If the 2nd employer takes into account your evidence of the date of the first contribution to the 1st plan. The 1099-R of distributions after the 2-year anniversary of the first contribution to the 1st plan will be code as a normal distribution.
If the 2nd employer does not take into account your evidence of the date of first contribution to the 1st plan. The 1099-R of distributions after the 2-year anniversary of the first contribitions to the 1st plan, but not the 2nd anniversary of the first contribution to the 2nd plan will have Box 7 Code Early distribution, no known exception. This will be subject to the 25% penalty and ineligible for rollover.

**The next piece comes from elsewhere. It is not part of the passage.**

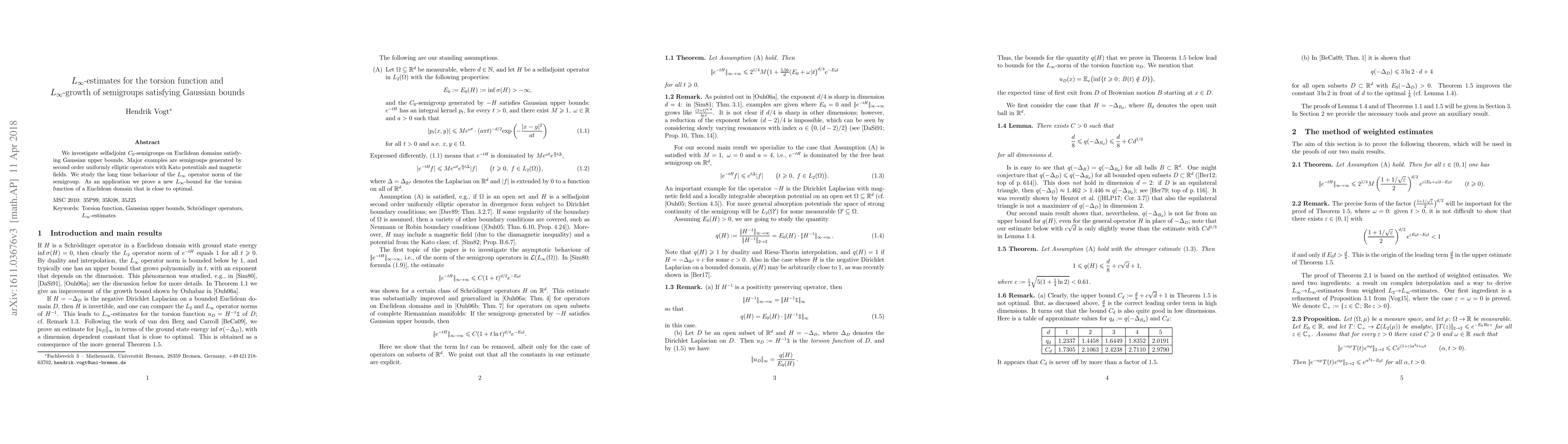 We investigate selfadjoint $C_0$-semigroups on Euclidean domains satisfying Gaussian upper bounds. Major examples are semigroups generated by second order uniformly elliptic operators with Kato potentials and magnetic fields. We study the long time behaviour of the $L_\infty$ operator norm of the semigroup. As an application we prove a new $L_\infty$-bound for the torsion function of a Euclidean domain that is close to optimal.

You could do this anyway and file Form 5329 with the “other” exception and provide an explanation and proof; “Gentlemen, prepare to defend yourselves!
A couple people I have helped deal with this have said they would have waited the two years after the first contribution at the second plan if they had known the hassle involved. They both received CP2000 notices even though they provided proof was in black and white of the date of first contribution. However after back and forth with the IRS, no penalty applied.
This is for information only and should not be construed as tax advice. YMMV and there is no guarantee you get a favorable result.